Über Jahrzehnte hinweg wurde der Todeszeitpunkt von Verstorbenen wesentlich nach der Henßge-Tabelle berechnet. Claus Henßge war der ehemalige Leiter des Instituts für Rechtsmedizin am Uniklinikum Essen. Er hat den Abkühlungsprozess von Leichen genau erfasst und immer mehr präzisiert. Die Methodik ist Standard für die Einschätzung eines Todeszeitpunktes, insbesondere für die Überprüfung von Alibi-Angaben verdächtiger Personen. Wird ein lebloser Körper frühzeitig aufgefunden, kann der Todeszeitpunkt bestimmt werden nach folgenden Indizien:

 

  • Ausprägung, Wegdrückbarkeit und Umlagerbarkeit der Leichenflecke
  • Eintritt, Ausprägung, Lösung der Leichenstarre
  • Mechanische Erregbarkeit der Muskulatur
  • Elektrische Erregbarkeit der Muskulatur
  • Abkühlung der Leiche.

 

Die Temperatur wurde bislang immer ganz „klassisch“ gemessen, nämlich rektal. Niederländische Wissenschaftler haben die Methodik nunmehr verfeinert, indem die Körpertemperatur an verschiedenen Körperstellen gemessen wird und äußeren Umständen eine größere Bedeutung zukommen. Hierzu werden Wärmekameras oder Sensoren eingesetzt.
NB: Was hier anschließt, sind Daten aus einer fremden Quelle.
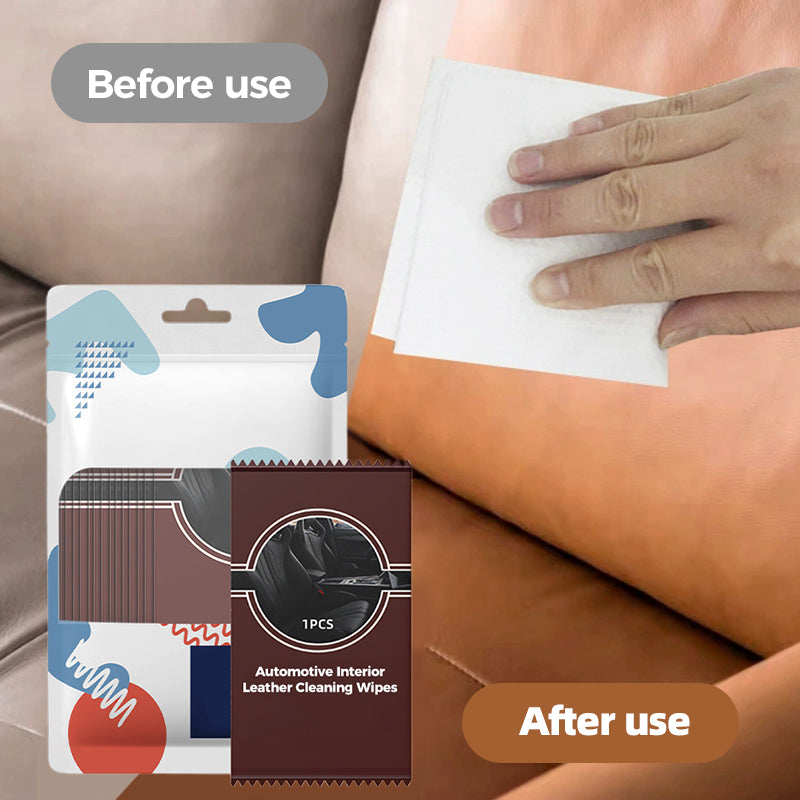 Opakowanie zawiera: 1 * chusteczki do czyszczenia skórzanych elementów wnętrza samochodu
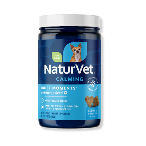 With the new Hemp Quiet Moments Calming Aid, you can help promote a calm and relaxed pooch because a calm dog is a happy dog! Our unique blend of hemp seed oil, hemp seed powder, L-tryptophan and Melatonin helps to reduce stress and tension. The added ginger supports sensitive stomachs which is especially important when traveling. Safe for use for all dogs over the age of 12 weeks.
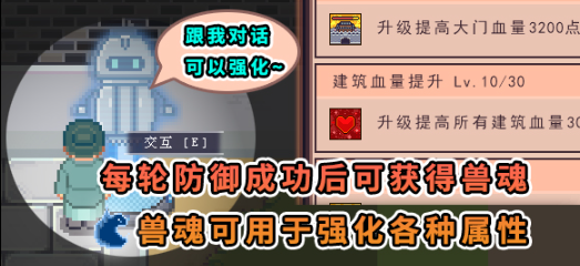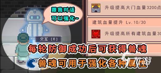防御工事如炮塔、大门等可以在天机庙中解锁,兽潮目前总共会有40波的进攻,每波进攻还会被分成几轮小关,新手可以在江城城门口找到NPC小叽,和他对话不经能了解一些兽潮的相关事项,还能对建筑进行升级。
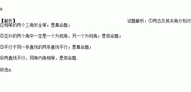 给出下列5个命题:①两边及其夹角分别对应相等的两个三角形全等;②互补的两个角中一定是一个为锐角,另一个为钝角;③平行于同一条直线的两条直线平行;④两直线平行,同旁内角相等.其中真命题的个数为( )
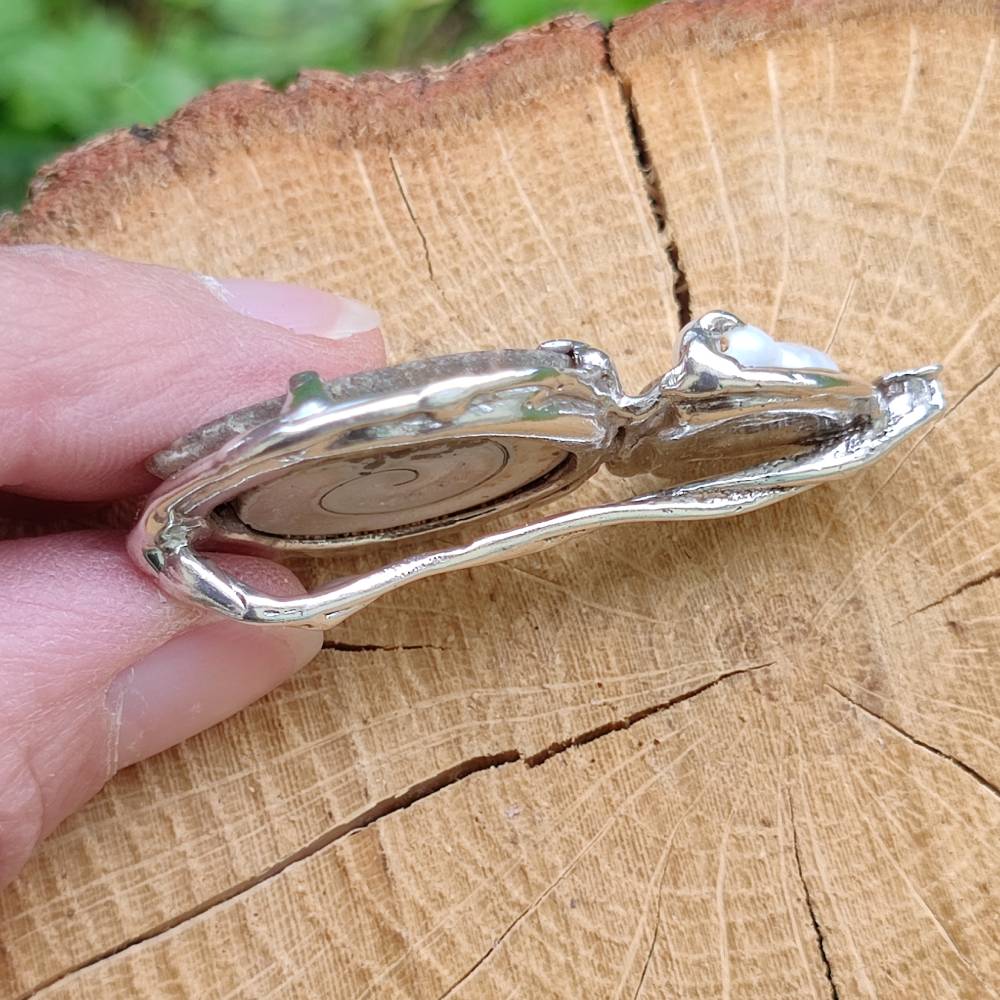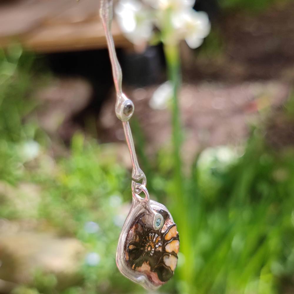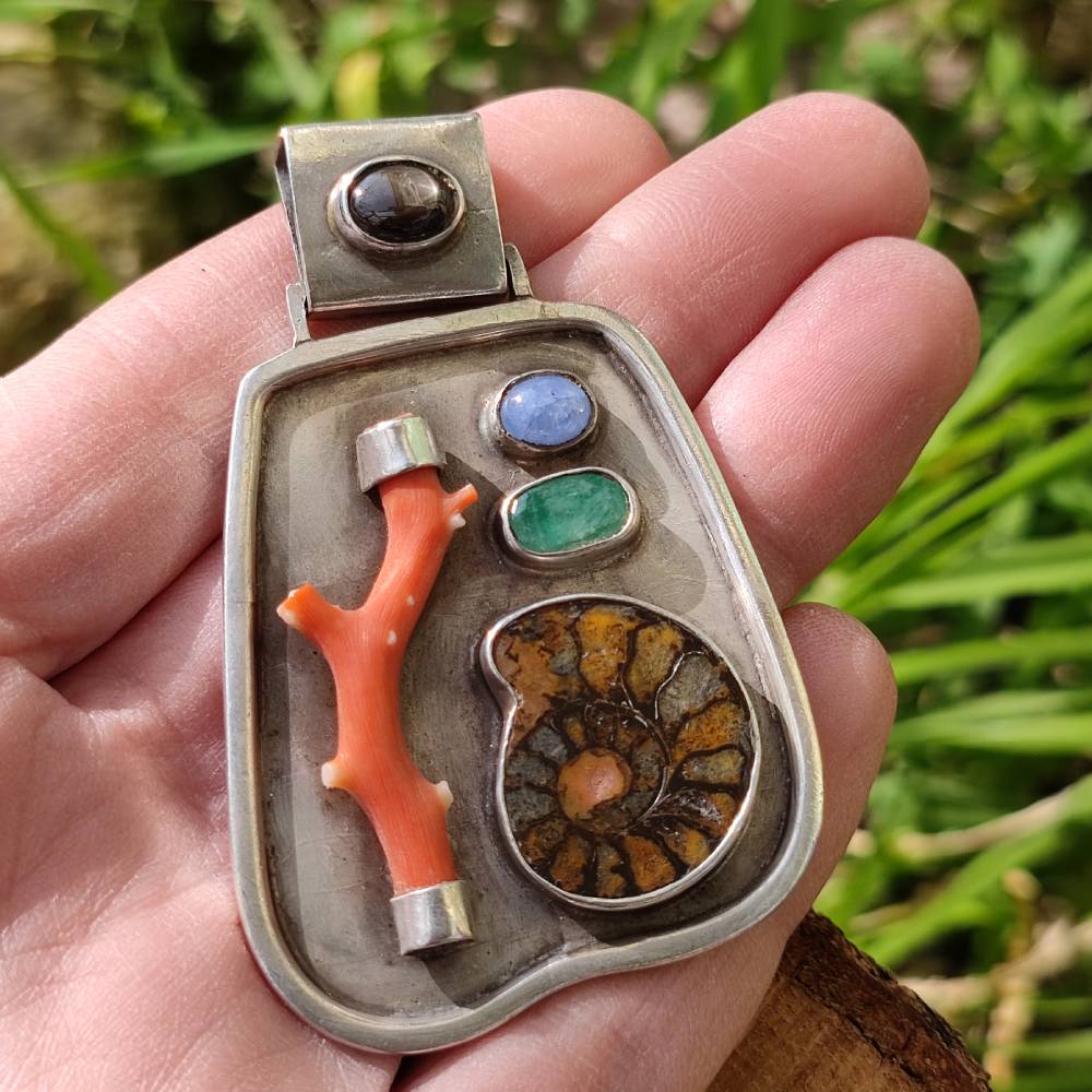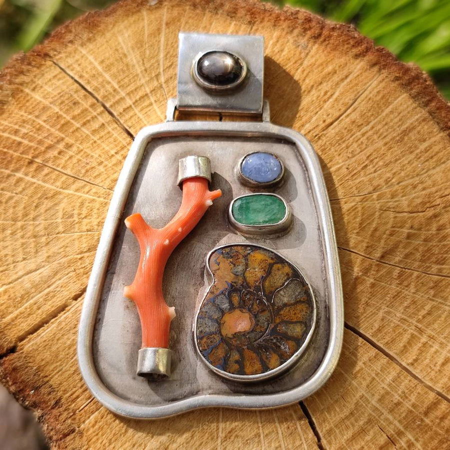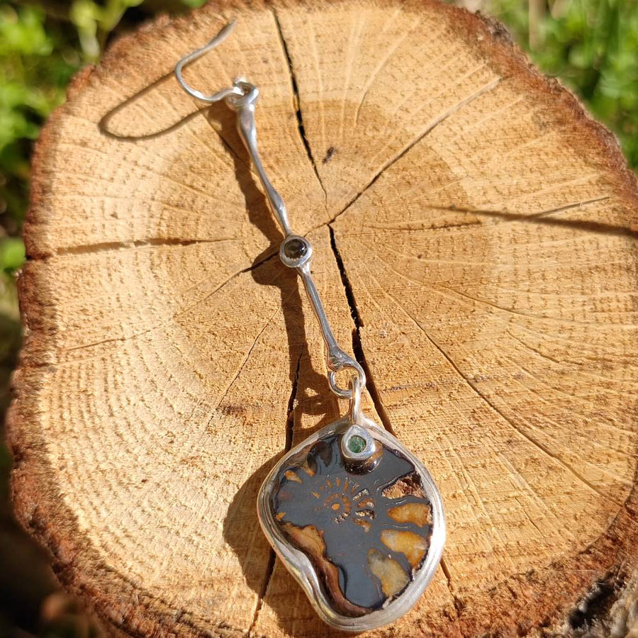 925 silver ring with fossil ammonite and emerald. The ring is a unique piece, made entirely by hand.
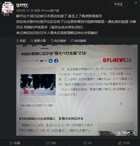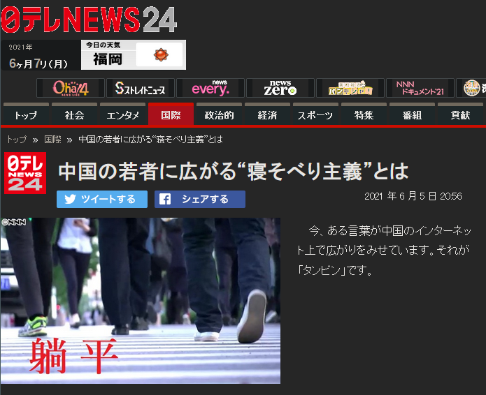 日本新闻网站News24于6月5日发表文章,报道了最近国内很火的热词“躺平”。相信大多数人都对这个词非常熟悉。文章介绍了躺平一词爆火的起源,同时也讲述了国内社会对于年轻人如今这种态度的各方社论。文中提到:“近年来,由于城市地区就业难、物价飞涨等问题,中国年轻人所处的社会环境日趋严峻。”
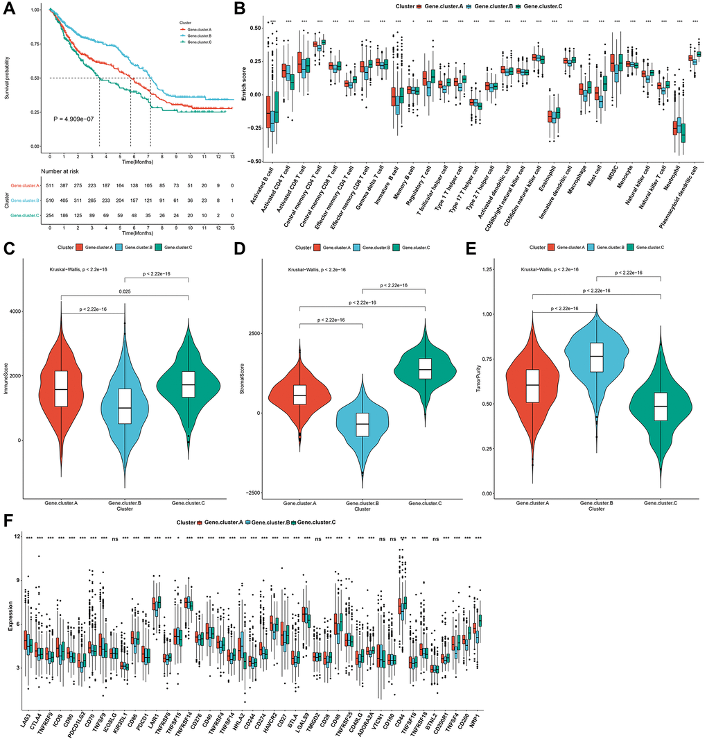 Survival analysis showed the prominent prognostic differences among three pyroptosis genomic phenotypes in the gastric cancer meta-cohort. Pyroptosis gene cluster-C owned the poorest prognosis, while pyroptosis gene cluster-B exhibited a significant survival advantage (Figure 5A). Consistent with pyroptosis phenotypes, pyroptosis genomic cluster-C could be classified into immune-excluded tumors with innate immune cell infiltrations as well as stromal cells, with the genomic cluster-B categorized into immune-desert tumors with immunity suppression, and the genomic cluster-A categorized into immune-inflamed tumors with rich adaptive immune cells as well as immune activation (Figure 5B–5E). The heterogeneity in transcriptomic levels of immune checkpoints was also investigated across three pyroptosis genomic phenotypes (Figure 5F).
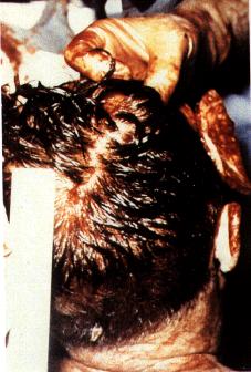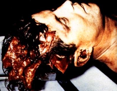 The red spot next to the white ruler in the upper leftmost photo is the small entry wound; there are no marks on JFK's left side; there was a large 5 cm. exit defect on JFK's right side. Large flaps of skull bone can be seen, covered with hair, blood, and brain matter. This killing wound came from JFK's left rear (from the COUNTY RECORDS BUILDING, not the Texas School Book Depository Building, the Stemmons Parkway Bridge in front of the car, or the Grassy Knoll to the right of the car) and the fragments exited toward the Grassy Knoll to the President's right and front. The head jerked backward due to the bullet's explosive exit toward the front. "Saul" said such a bullet would have built up tremendous pressure as it traveled through the brain cavity. Upon exit, an explosion of tissue, blood, and bone fragments occurred, jerking the head backward. Head shots quite often cause massive jerking of the body, anyway.
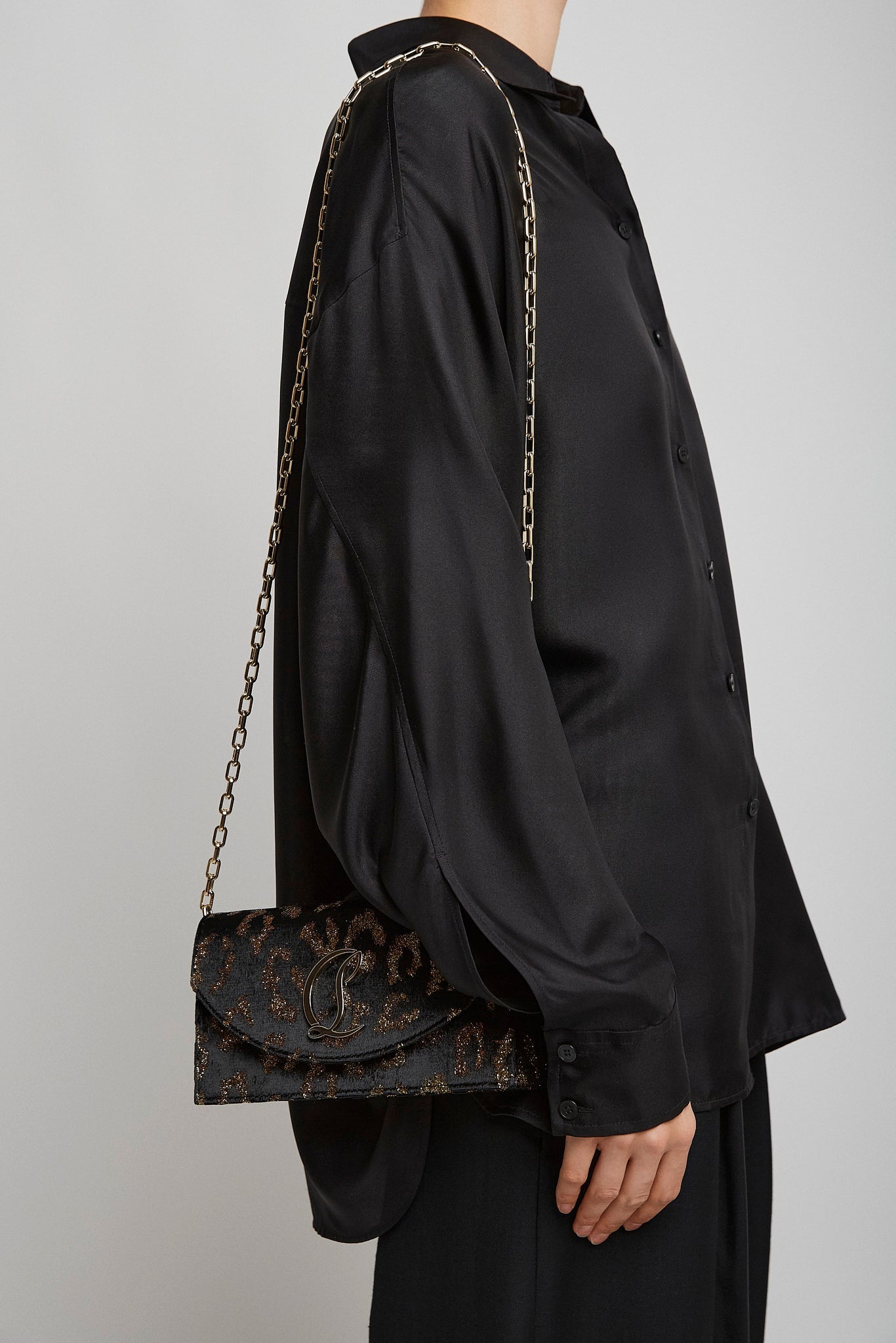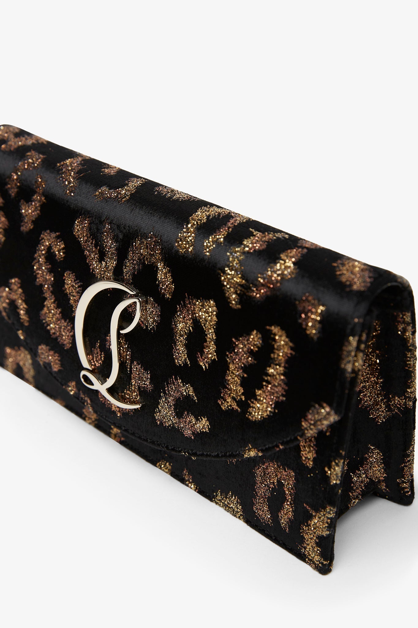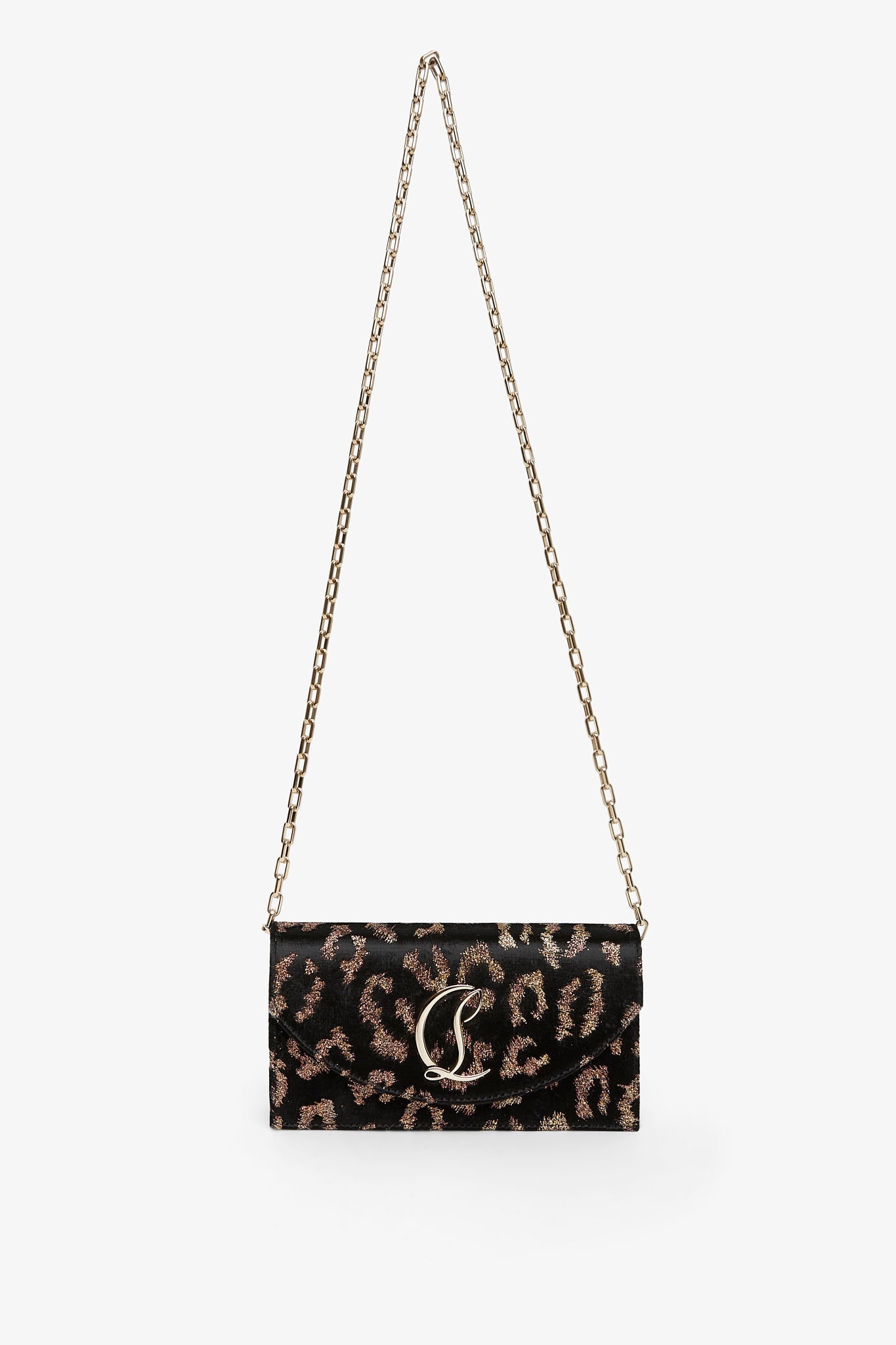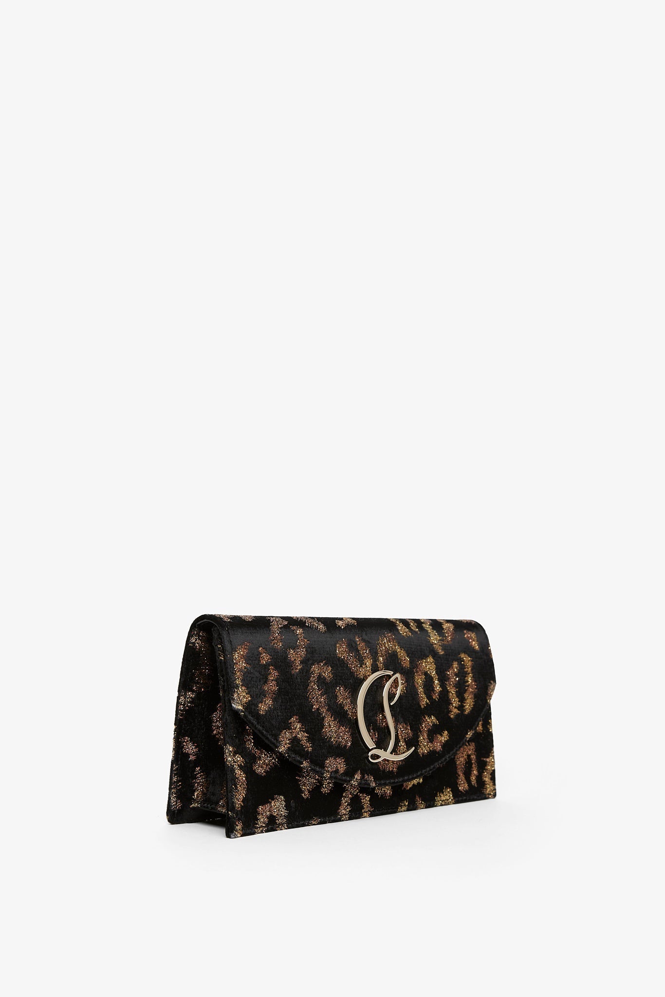 Leopard velvet clutch bag from Christian Louboutin. The Loubi54 clutch bag has a gold-toned CL Logo monogram buckle on the front flap, snap closure and card slot inside. It comes with a detachable strap to be worn either over the shoulder, or in hand.
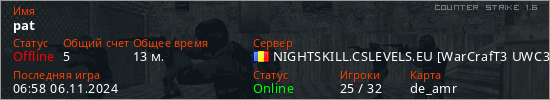 Играет на Counter Strike 1.6 сервере. Страна: РумынияПервый раз замечен 03:54 02.10.2024
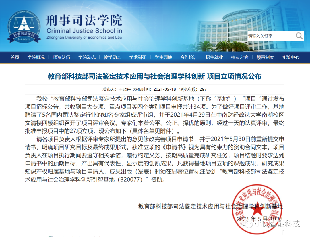 近日,中南財經(jīng)政法大學(xué)“教育部科技部司法鑒定技術(shù)應(yīng)用與社會治理學(xué)科創(chuàng)新基地”創(chuàng)新項目立項情況公布,小優(yōu)智能科技申請的“計算機智能三維人臉圖像自動比對技術(shù)研究及系統(tǒng)研發(fā)”項目獲評“中南財經(jīng)政法大學(xué)司法鑒定技術(shù)應(yīng)用與社會治理學(xué)科創(chuàng)新基地2021年度重大專項”。

Diese messen die Körpertemperaturen an insgesamt vier Regionen: an Brust, Bauch, Stirn und Oberschenkel. Berücksichtigt werden hierbei Körperfettanteil, Bekleidung und selbst ein starker Bartwuchs oder lange Haare sind von Bedeutung. Diese Methode, die bisher nur in Laborbedingungen nachgewiesen ist, kann den Todeszeitpunkt in der Regel auf eine halbe Stunde bis Stunde genau feststellen, während die „Rektal-Methode“ drei bis sieben Stunden von der Wirklichkeit abweicht. Diese Methode könnte schon nächstes Jahr zum Standard werden.